Below are entries. Copy exactly the lines running from the line that holds "05.04.1918 = Nr. 94. Zweites Morgenblatt" to the line that holds "美国品牌The line by", with both ends included.
Dataset Block Start
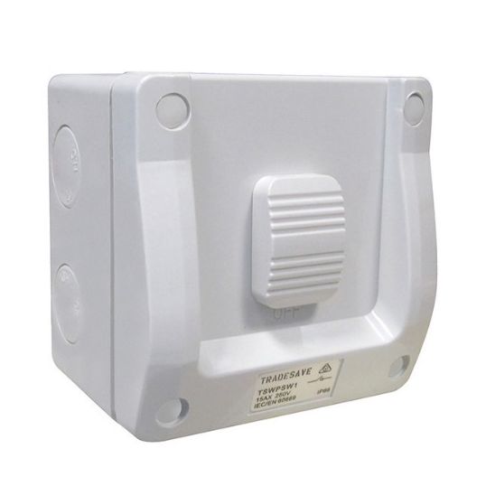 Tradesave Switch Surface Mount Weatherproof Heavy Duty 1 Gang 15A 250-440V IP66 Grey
Dataset Block End
Dataset Block Start
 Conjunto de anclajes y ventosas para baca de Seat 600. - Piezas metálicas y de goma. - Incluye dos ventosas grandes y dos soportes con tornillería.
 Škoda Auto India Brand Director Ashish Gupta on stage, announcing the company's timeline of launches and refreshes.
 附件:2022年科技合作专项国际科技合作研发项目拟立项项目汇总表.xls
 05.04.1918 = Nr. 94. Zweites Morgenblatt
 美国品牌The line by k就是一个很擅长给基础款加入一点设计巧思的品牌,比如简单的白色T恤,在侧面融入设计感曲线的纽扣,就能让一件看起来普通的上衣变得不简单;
Dataset Block End
Dataset Block Start
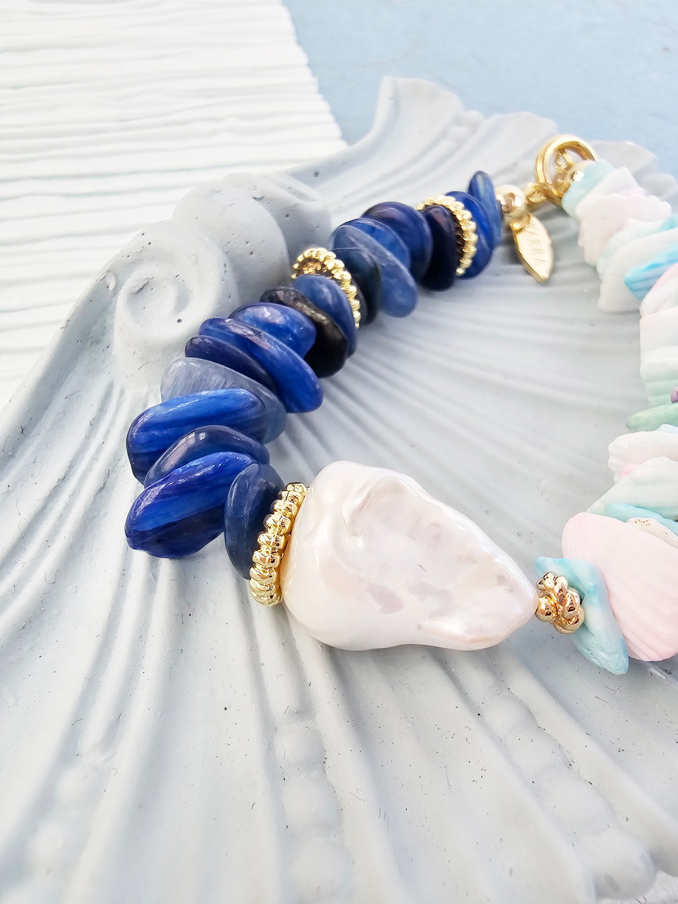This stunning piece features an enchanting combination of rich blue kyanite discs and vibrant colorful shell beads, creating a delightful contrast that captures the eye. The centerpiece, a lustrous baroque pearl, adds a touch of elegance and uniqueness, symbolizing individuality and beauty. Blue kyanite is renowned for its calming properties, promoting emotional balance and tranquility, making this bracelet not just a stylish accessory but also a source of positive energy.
Dataset Block End
Problem solution —
 05.04.1918 = Nr. 94. Zweites Morgenblatt
 美国品牌The line by k就是一个很擅长给基础款加入一点设计巧思的品牌,比如简单的白色T恤,在侧面融入设计感曲线的纽扣,就能让一件看起来普通的上衣变得不简单;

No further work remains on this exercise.